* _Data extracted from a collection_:

————

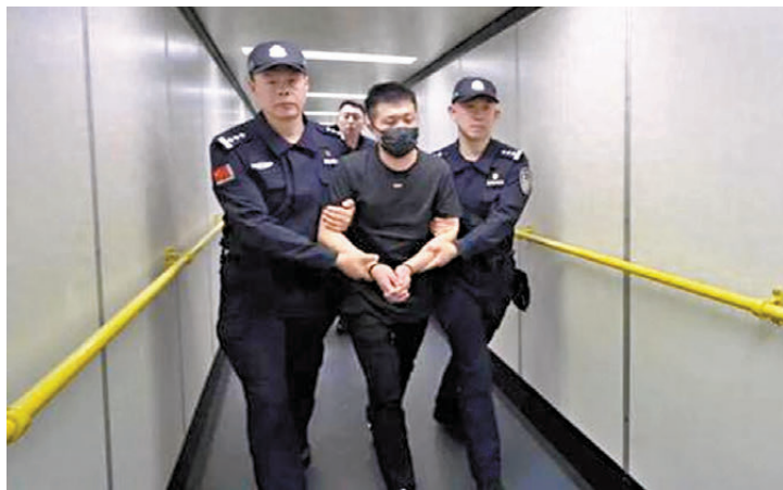
●天津公安機關4月29日成功將重大跨境網絡賭博案主犯黃某鎧從泰國引渡回國。

公開資料顯示，現年62歲的易會滿早年曾在中國工商銀行工作長達35年，先後在支行、分行和總行等多個層級的崗位上工作，歷任工行浙江省分行副行長、江蘇省分行行長、北京市分行行長等職，2013年開始擔任中國工商銀行行長。2016年，52歲的易會滿獲任中國工商銀行黨委書記、董事長。2019年1月，易會滿接替劉士余，被任命為中國證監會黨委書記、主席，成為證監會第九任主席。2024年2月，尚不滿60歲的易會滿被免去證監會主席職務，由時任上海市委副書記、政法委書記吳清「北上」接棒。當時正值中國股市大幅下跌，滬深300指數觸及五年新低，機構和散戶投資者紛紛止損。同年6月，他被增補為十四屆全國政協委員，出任經濟委員會駐會副主任。去年9月6日，易會滿被查。
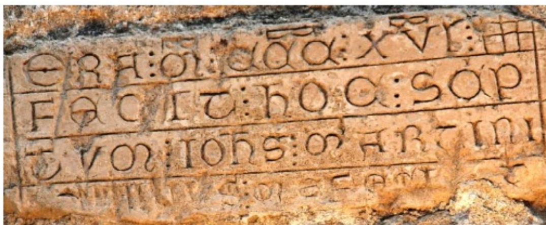
l. b. Suscriptio de la iglesia de San Nicolás de Bari. Arroyuelo (Ap. n.º 168)
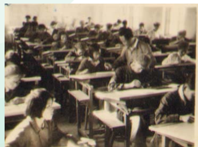
华北大学工学院学生在上制图课

第三，关于“通才与专才结合”的原则。 曾毅主张一个好的专家，“必须有广泛科学理论知识，同时要在这个基础上成为特定技术方面的专家”。没有“博”的基础就不可能有“高”的专家，因为自然现象是互相联系的，解决任何一个专门问题常常牵连到很多别的问题。为此，华大工学院的培养目标“既重视基础科学理论的系统学习，
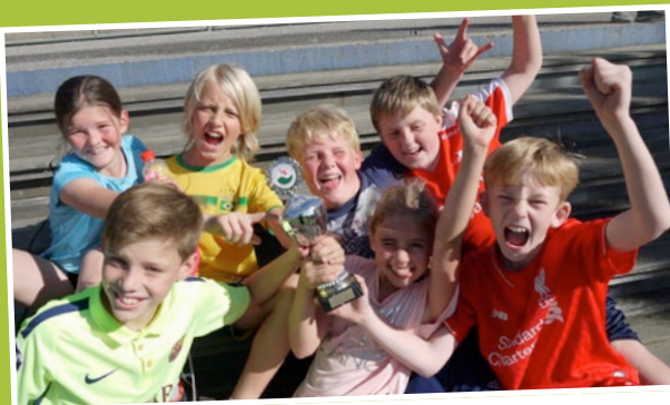
Vinderne af Rundhøj Legene på mellemtrinnet: Et hold fra 5.A
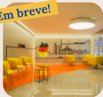
Espaço Dedicado ao Cuidado do Coração Prevent Senior Alemanha
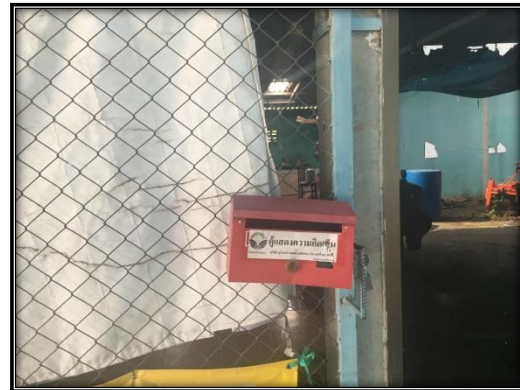
กล่องรับเรื่องร้องเรียนบริเวณหมู่ที่ 11
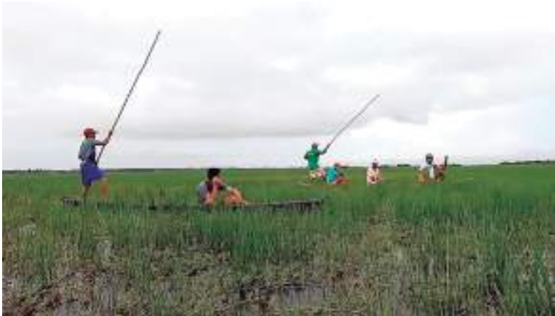
Quilombo no Maranhão.
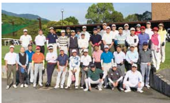
▲第300回記念大会での集合写真

6月7日、紅葉ヶ丘地区のゴルフ愛好会「紅葉会」による第300回記念大会が福岡市内のゴルフクラブで開催され、39人が参加しました。同会は地域の親睦を図ろうと昭和48年に発足し、今年で50年を迎えました。
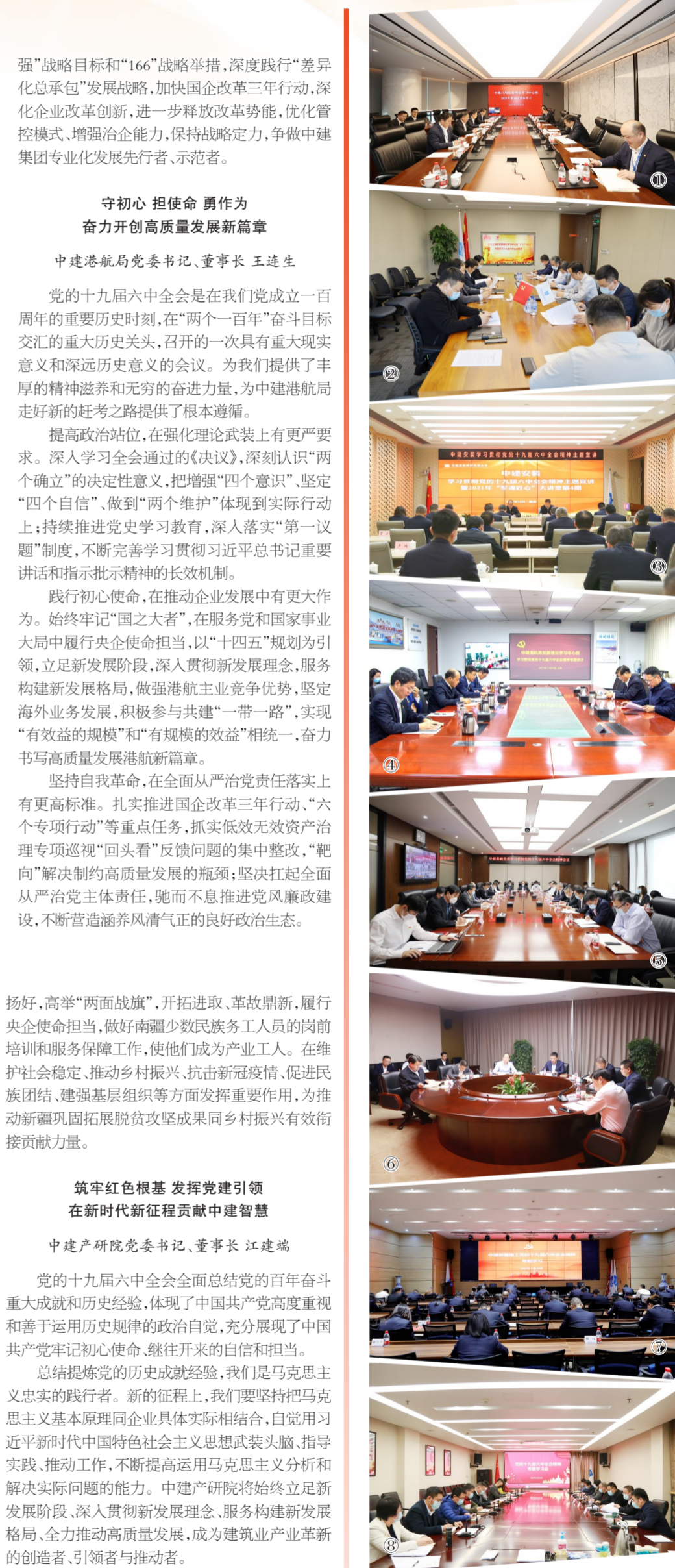
图①:中建八局党委理论学习中心组专题学习贯彻党的十九届六中全会精神。图②:中建上海院党委理论学习中心组开展学习宣传贯彻党的十九届六中全会精神研讨会。图③:中建安装党委举办学习贯彻党的十九届六中全会精神专题宣讲会。图④:中建港航局党委理论学习中心组开展党的十九届六中全会精神专题研讨。图⑤:中建基础党委理论学习中心组专题学习研讨党的十九届六中全会精神。图⑥:中建七局党委理论学习中心组专题学习贯彻党的十九届六中全会精神。图⑦:中建新疆建工总部专题学习党的十九届六中全会精神。图⑧:中建产研院组织各级领导干部学习党的十九届六中全会精神。

踏上第二个百年目标的赶考之路,我们是矢志不渝的奋斗者。当前,我们比历史上任何时期都更接近、更有信心和能力实现中华民族伟大复兴的目标。为实现中华民族伟大复兴的中国梦,中建产研院将始终聚天下英才而用之,努力打造成为中国建筑人才中心和创新高地;将加快攻克重要领域“卡脖子”技术,强化科技自立自强的战略支撑作用;将抓好建筑行业数字化与低碳化的发展机遇,建设成为建筑领域关键原创技术策源地。
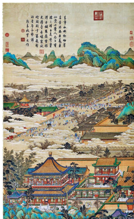
▲清宮舊藏清丁觀鵬《太簇始和圖》軸，台北故宮博物院藏。

從順治帝開始的清帝皇帝，對江南文化情有獨鍾，乾隆皇帝對江南尤其心馳神往，除六下江南，還在宮中、西苑、西郊三山五園、承德避暑山莊等地大量仿建江南園林，連御膳房都用揚州廚師。李士達《歲朝村慶圖》、佚名《豐年家慶圖》兩張明畫都是清宮舊藏，每到辭舊迎新之際，乾隆帝就展玩這些畫作。乾隆四十一年（丙申，一七七六年），「丙申歲朝明窗御題」於《歲朝村慶圖》上方：「東郭遠西墅，山家接水村。春朝慶老幼，豐歲足豚豚。三代遺風在，一時深意存。治民無別術，饑飽俾溫溫。」乾隆四十五年（庚子，一七八〇年），「庚子新正上澣御題」於《豐年家慶圖》上方：「氣象太平有象存，豐年佳景寫煙村。兒童怯點送神爆，翁媪笑對老瓦盆。負荷歸家得魚米，恬熙比戶足雞豚。誠能九寓
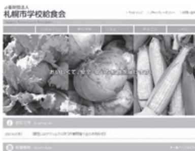
3- (1) 「ホームページ」のアドレスは、 http://www.sapporo-gk.or.jp/ です。
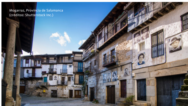
Mogarráz, Província de Salamanca
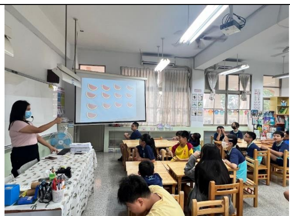
說明：利用活動複習數字

————

* _Task goal_:
Transcribe only the lines above that start at the line containing "Vinderne af Rundhøj" and end at the line containing "6月7日、紅葉ヶ丘地区のゴル". Omit pictures.

* _Exercise solution_:
Vinderne af Rundhøj Legene på mellemtrinnet: Et hold fra 5.A
Espaço Dedicado ao Cuidado do Coração Prevent Senior Alemanha
กล่องรับเรื่องร้องเรียนบริเวณหมู่ที่ 11
Quilombo no Maranhão.
▲第300回記念大会での集合写真

6月7日、紅葉ヶ丘地区のゴルフ愛好会「紅葉会」による第300回記念大会が福岡市内のゴルフクラブで開催され、39人が参加しました。同会は地域の親睦を図ろうと昭和48年に発足し、今年で50年を迎えました。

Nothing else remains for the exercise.